Departament skarbu Stanów Zjednoczonych nałożył sankcje na dziewięć firm z Iranu, Singapuru i Malezji w związku z ich udziałem w eksporcie irańskich produktów ropopochodnych do Chin i innych państw wschodniej Azji.

Jak wynika z opublikowanego komunikatu resortu skarbu USA sankcje objęły sześć irańskich firm petrochemicznych oraz dwie z Malezji i jedną z Singapuru. Amerykańskie władze uznały, że za ich pośrednictwem odbywał się eksport tych produktów wbrew sankcjom nałożonym na irański sektor naftowy.

Iran w coraz większym stopniu zwraca się ku nabywcom we wschodniej Azji, by sprzedawać swoje produkty petrochemiczne i ropopochodne.  (...) Stany Zjednoczone pozostają skoncentrowane na uderzaniu w źródła nielegalnych przychodów Teheranu i będą nadal egzekwować swoje sankcje przeciwko tym, którzy świadomie umożliwiają ten handel - powiedział wiceszef resortu finansów USA Brian Nelson.

Jak oceniła agencja Reutera najnowszy ruch USA przeciwko Iranowi zbiega się w czasie ze znajdującymi się w stagnacji wysiłkami na rzecz ożywienia porozumienia nuklearnego z 2015 r. oraz w trakcie antyrządowych protestów przeciwko władzom w Teheranie. 
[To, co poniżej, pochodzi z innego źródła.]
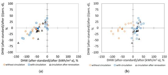 In the regulations, DHW use is defined as water use per heated area. In reality, an area does not use the water; it is the occupants in the building who do it. To analyze what is the better DHW use presenting unit—L/(pers.·d) or kWh/(m2·a), we measured energy use with average DHW usage per person (28 L/(pers.·d)) and with standard usage (30 kWh/(m2·a)) with and without DHW circulation (Figure 8a). We can see that in most cases, DHW use without circulation compared with standard use per heated area is lower; the average gap from the standard use in all buildings is −48% (Figure 9a). The gap between the standard use (kWh/(m2·a)) is −140% to +4%; from DHW use per person (L/(pers.·d)), it is between −61 and 40%. When we take into account DHW circulation, then we can see that the average use from standard use per heated area moves to the positive side and when hot water circulation is considered, then the average difference with standard use after renovation is +19%, which is between −5 and +50% (Figure 9b).
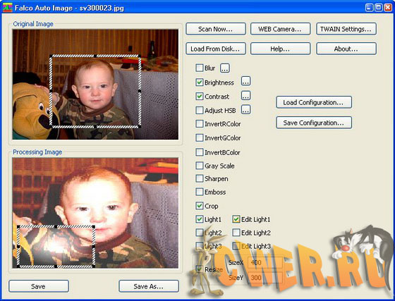 Falco Auto Image - загрузка рисунков форматов BMP, GIF, PNG, JPG, PSD, TIF, TGA, PCD, их пакетная обработка и сохранение результатов в JPG, GIF, PNG, BMP, TIF, TGA. Кроме того, возможна обработка изображений со сканера или камеры.
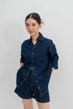 Designed with bold proportions and clean tailoring, this oversized denim shirt-jacket brings structure with ease. Featuring a sharp collar, defined seams, and roomy sleeves, it layers effortlessly or stands alone as a statement.
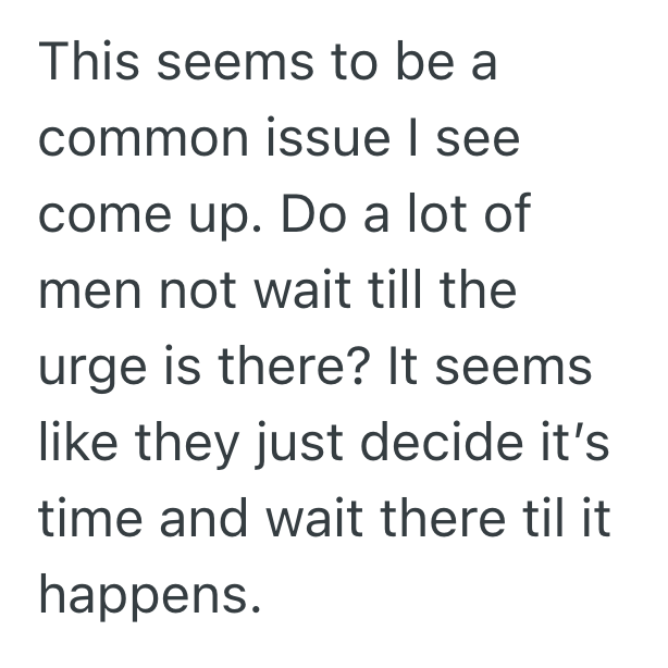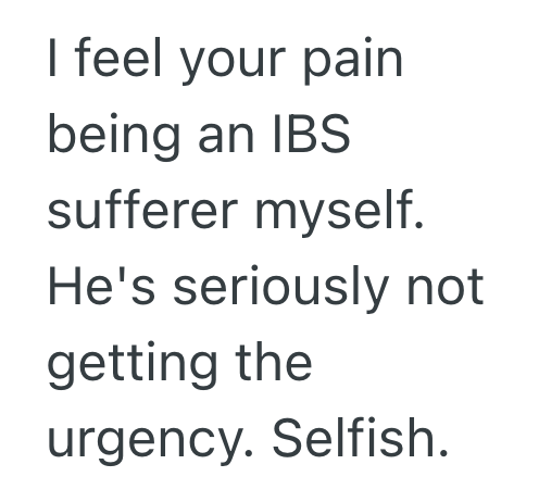 I don’t think he truly understands how urgent it is for her to go. They really need a second bathroom.
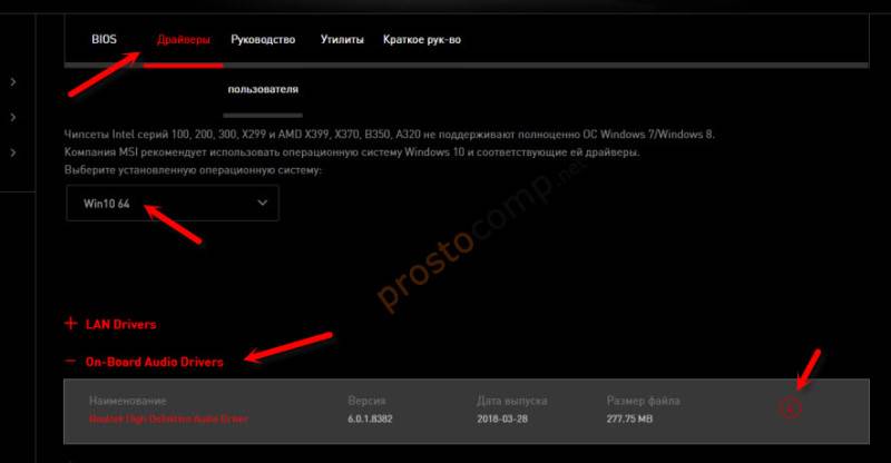 И загружаем Audio Drivers. В моем случае это Realtek High Definition Audio Driver.
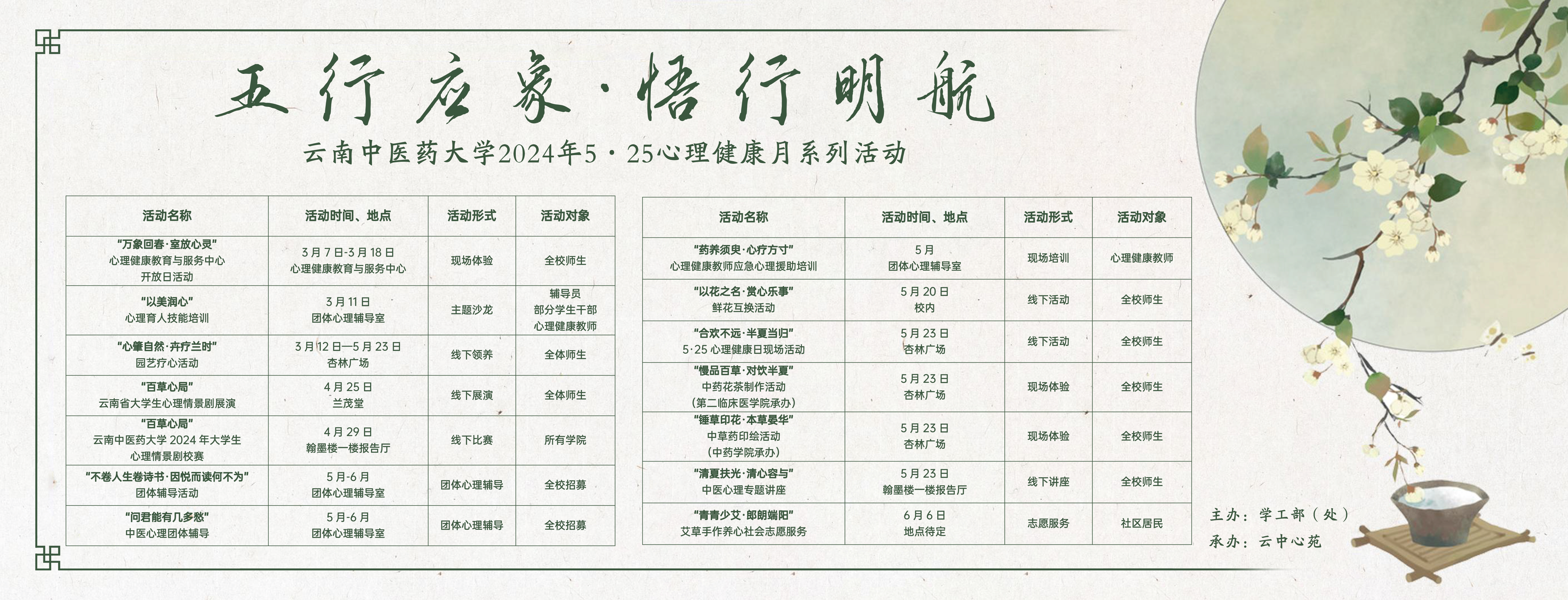 “五行应象·悟行明航”5·25心理健康月系列活动从3月启动,持续3个月,开展了形式多样的活动10余场,营造了“以文化人,以心育人”的校园育心工作氛围。

Stany Zjednoczone nadal będą egzekwować przestrzeganie sankcje wobec tych, którzy świadomie ułatwiają handel Iranowi - powiedział Nelson.

Obecna decyzja USA dotyczy kontraktów z irańskim przedsiębiorstwem Triliance Petrochemical Co. Ltd., który Waszyngton umieścił na liście sankcji. Restrykcji nałożone dziś przez amerykański resort finansów obejmują  irańską firmę petrochemiczną Amir Kabir Petrochemical Co. (AKPC), jej spółkę zależna Simorgh Petrochemical Co. i cztery spółki zależne Marun Petrochemical Co. już wcześniej objętej sankcjami.

Według władz USA firma Triliance uczestniczyła w wysyłce polietylenu do Chin. O udział w ułatwianiu tych dostaw Amerykanie oskarżają Asia Fuel PTE z Singapuru. Sense Shipping and Trading z Malezji oraz Unicious Energy PTE z Singapuru również według resortu skarbu USA brały udział w tych transakcjach.